ASSIGNMENT:
Going line by line through the records below, write out everything starting with the line containing "昆仑(KunLun)HEC-II-40 昆仑防冻液 -40℃" and going on through the line containing "2022 Autumn New", exactly and inclusively. Pictures do not go in.

RECORDS FOR THIS TASK:

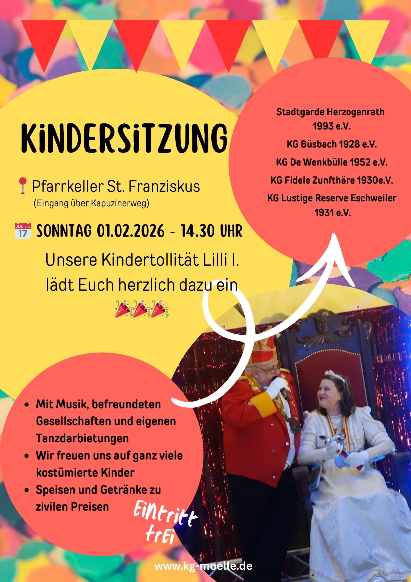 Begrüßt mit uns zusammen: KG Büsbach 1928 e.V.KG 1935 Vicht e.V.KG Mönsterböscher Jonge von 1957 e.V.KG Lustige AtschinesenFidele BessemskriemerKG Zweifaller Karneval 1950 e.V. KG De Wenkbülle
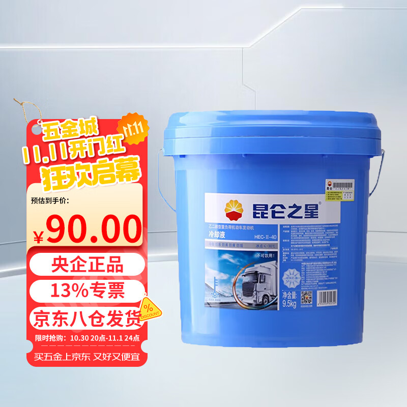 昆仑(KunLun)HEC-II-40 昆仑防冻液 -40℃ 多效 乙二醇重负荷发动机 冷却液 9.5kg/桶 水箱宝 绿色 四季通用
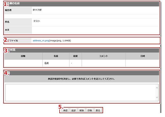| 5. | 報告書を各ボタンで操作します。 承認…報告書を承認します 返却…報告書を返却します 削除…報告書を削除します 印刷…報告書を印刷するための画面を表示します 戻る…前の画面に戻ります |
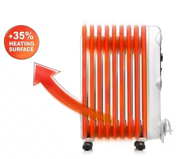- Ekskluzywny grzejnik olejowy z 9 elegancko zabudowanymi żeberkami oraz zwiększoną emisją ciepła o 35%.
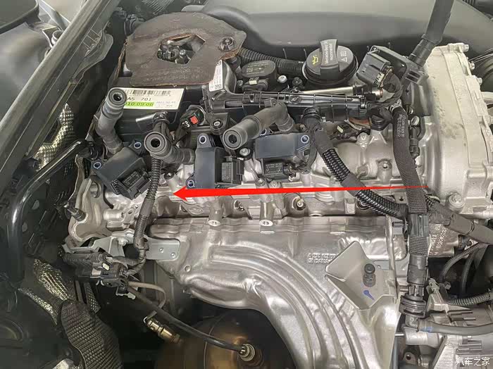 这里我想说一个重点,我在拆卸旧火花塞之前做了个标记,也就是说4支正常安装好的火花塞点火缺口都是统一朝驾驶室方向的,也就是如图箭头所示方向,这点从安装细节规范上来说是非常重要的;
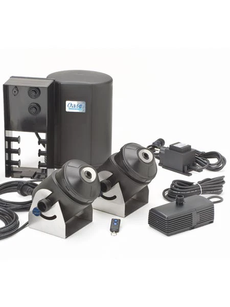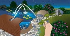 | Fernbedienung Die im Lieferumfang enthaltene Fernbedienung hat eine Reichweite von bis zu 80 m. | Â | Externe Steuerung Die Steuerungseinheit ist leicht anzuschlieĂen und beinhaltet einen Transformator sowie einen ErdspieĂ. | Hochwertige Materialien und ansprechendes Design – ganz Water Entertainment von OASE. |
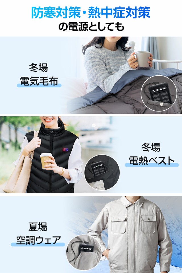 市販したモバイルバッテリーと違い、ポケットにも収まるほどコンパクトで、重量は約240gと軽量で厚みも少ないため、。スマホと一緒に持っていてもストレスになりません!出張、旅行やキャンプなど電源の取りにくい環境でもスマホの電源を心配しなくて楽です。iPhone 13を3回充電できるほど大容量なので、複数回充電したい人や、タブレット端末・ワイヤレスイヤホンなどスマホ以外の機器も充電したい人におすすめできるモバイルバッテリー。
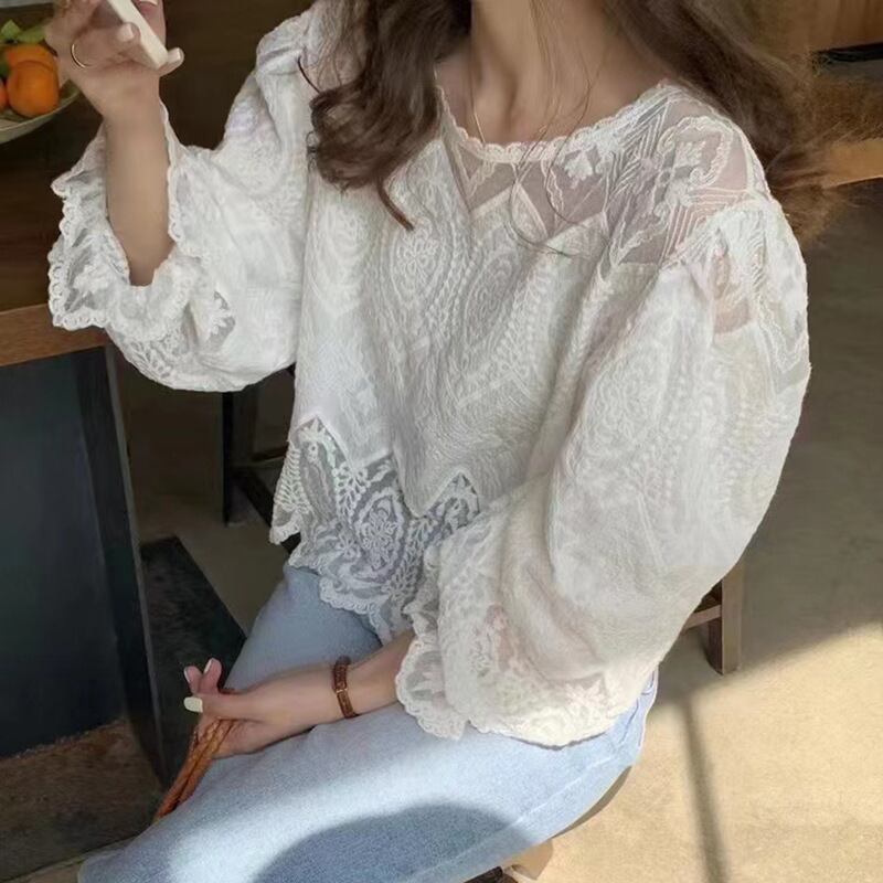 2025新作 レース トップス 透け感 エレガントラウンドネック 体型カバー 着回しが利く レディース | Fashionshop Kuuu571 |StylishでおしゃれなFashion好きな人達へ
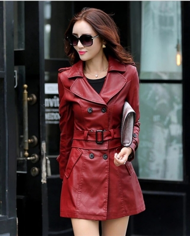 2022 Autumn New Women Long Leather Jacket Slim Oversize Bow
---
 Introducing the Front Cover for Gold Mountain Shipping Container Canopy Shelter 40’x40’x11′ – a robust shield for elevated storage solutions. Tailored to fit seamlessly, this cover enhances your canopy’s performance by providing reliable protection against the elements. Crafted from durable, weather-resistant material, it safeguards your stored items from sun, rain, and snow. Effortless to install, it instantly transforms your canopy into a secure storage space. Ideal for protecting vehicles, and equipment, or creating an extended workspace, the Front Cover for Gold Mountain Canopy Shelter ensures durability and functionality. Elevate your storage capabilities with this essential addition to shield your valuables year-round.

RESULT OF THE EXERCISE:
 昆仑(KunLun)HEC-II-40 昆仑防冻液 -40℃ 多效 乙二醇重负荷发动机 冷却液 9.5kg/桶 水箱宝 绿色 四季通用
| 5. | 報告書を各ボタンで操作します。 承認…報告書を承認します 返却…報告書を返却します 削除…報告書を削除します 印刷…報告書を印刷するための画面を表示します 戻る…前の画面に戻ります |
- Ekskluzywny grzejnik olejowy z 9 elegancko zabudowanymi żeberkami oraz zwiększoną emisją ciepła o 35%.
 这里我想说一个重点,我在拆卸旧火花塞之前做了个标记,也就是说4支正常安装好的火花塞点火缺口都是统一朝驾驶室方向的,也就是如图箭头所示方向,这点从安装细节规范上来说是非常重要的;
 | Fernbedienung Die im Lieferumfang enthaltene Fernbedienung hat eine Reichweite von bis zu 80 m. | Â | Externe Steuerung Die Steuerungseinheit ist leicht anzuschlieĂen und beinhaltet einen Transformator sowie einen ErdspieĂ. | Hochwertige Materialien und ansprechendes Design – ganz Water Entertainment von OASE. |
 市販したモバイルバッテリーと違い、ポケットにも収まるほどコンパクトで、重量は約240gと軽量で厚みも少ないため、。スマホと一緒に持っていてもストレスになりません!出張、旅行やキャンプなど電源の取りにくい環境でもスマホの電源を心配しなくて楽です。iPhone 13を3回充電できるほど大容量なので、複数回充電したい人や、タブレット端末・ワイヤレスイヤホンなどスマホ以外の機器も充電したい人におすすめできるモバイルバッテリー。
 2025新作 レース トップス 透け感 エレガントラウンドネック 体型カバー 着回しが利く レディース | Fashionshop Kuuu571 |StylishでおしゃれなFashion好きな人達へ
 2022 Autumn New Women Long Leather Jacket Slim Oversize Bow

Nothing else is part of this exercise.